■ **Exercise details**:
Your reply should reproduce the data below without a single alteration, apart from dropping the images.

== Task data ==

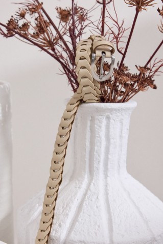 Leather belt with a fine weave that adds a special texture and elegance. With a length of 1 m. and a width of 2 cm. The construction without predetermined holes allows the clasp to be tied at any...
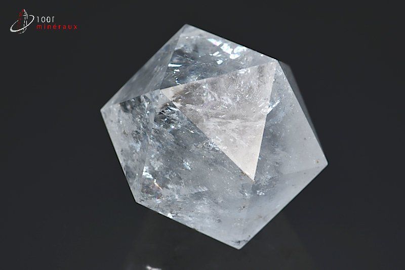 Très beau spécimen d'un grand icosaèdre poli (20 faces) en Cristal de roche.
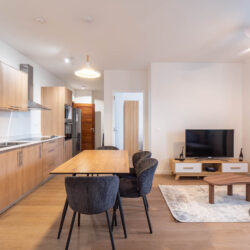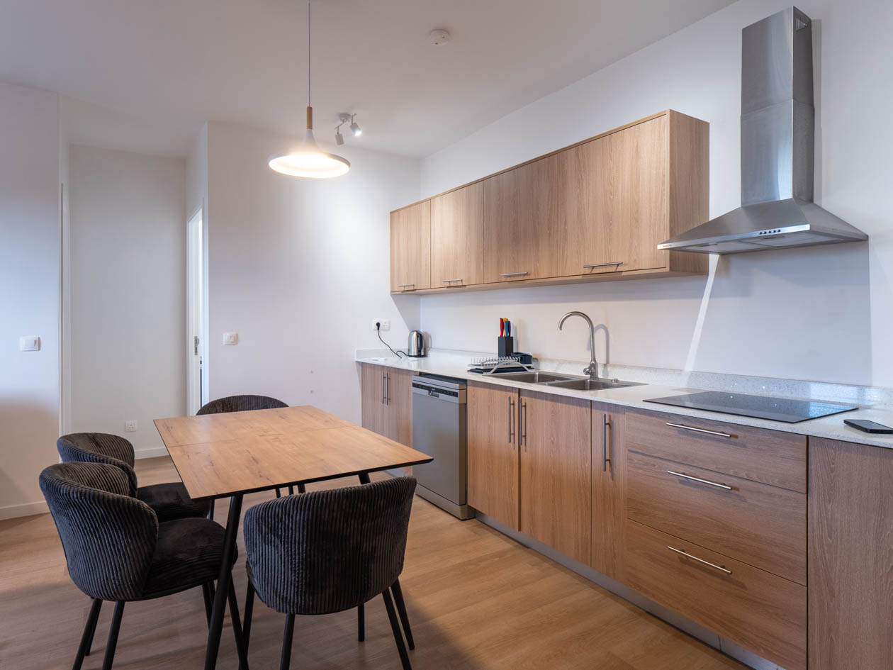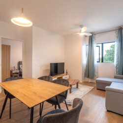L’appartement, d’une surface de 62 m², est entièrement meublé avec soin dans un esprit cozy et fonctionnel. Il se compose d’une cuisine moderne ouverte, d’un salon convivial, de deux chambres confortables et d’une salle de bain bien agencée. L’ensemble est neuf, lumineux et prêt à être occupé immédiatement.
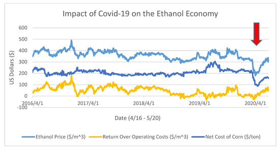 Prices of ethanol (2015–2020) [12]. A red arrow indicates an example of the recent price drop caused by the SARS-Cov-2 outbreak.
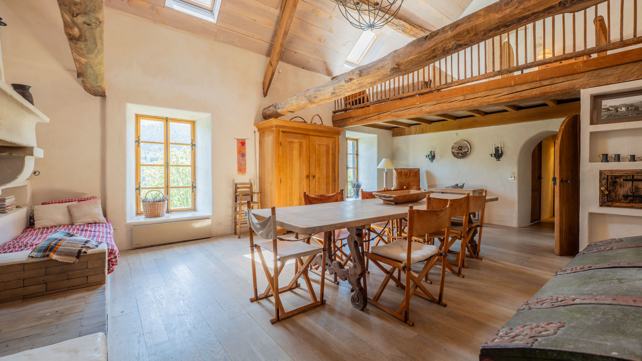 The first house comprises a living room/kitchen, a shower room and a bedroom on the ground floor. The first level features a large living room with fireplace, a bedroom, a shower room and a mezzanine.
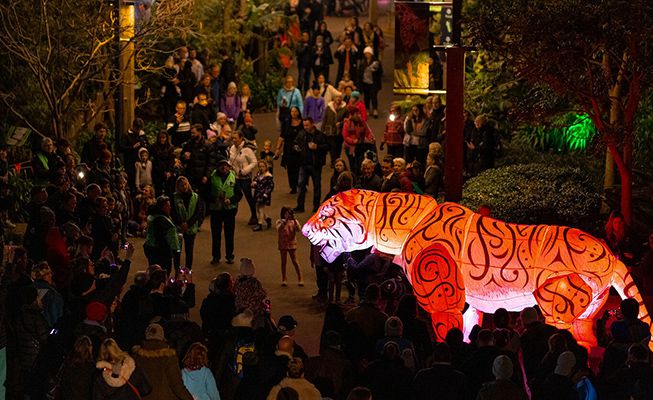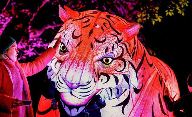 Pendant la nuit, cette marionnette étonnante est illuminée par des LED. Le tigre géant peut également servir d'installation statique où les lumières changent de couleur au rythme de la musique.

===

■ **Response to this exercise**:
 Leather belt with a fine weave that adds a special texture and elegance. With a length of 1 m. and a width of 2 cm. The construction without predetermined holes allows the clasp to be tied at any...
 Très beau spécimen d'un grand icosaèdre poli (20 faces) en Cristal de roche.
L’appartement, d’une surface de 62 m², est entièrement meublé avec soin dans un esprit cozy et fonctionnel. Il se compose d’une cuisine moderne ouverte, d’un salon convivial, de deux chambres confortables et d’une salle de bain bien agencée. L’ensemble est neuf, lumineux et prêt à être occupé immédiatement.
 Prices of ethanol (2015–2020) [12]. A red arrow indicates an example of the recent price drop caused by the SARS-Cov-2 outbreak.
 The first house comprises a living room/kitchen, a shower room and a bedroom on the ground floor. The first level features a large living room with fireplace, a bedroom, a shower room and a mezzanine.
 Pendant la nuit, cette marionnette étonnante est illuminée par des LED. Le tigre géant peut également servir d'installation statique où les lumières changent de couleur au rythme de la musique.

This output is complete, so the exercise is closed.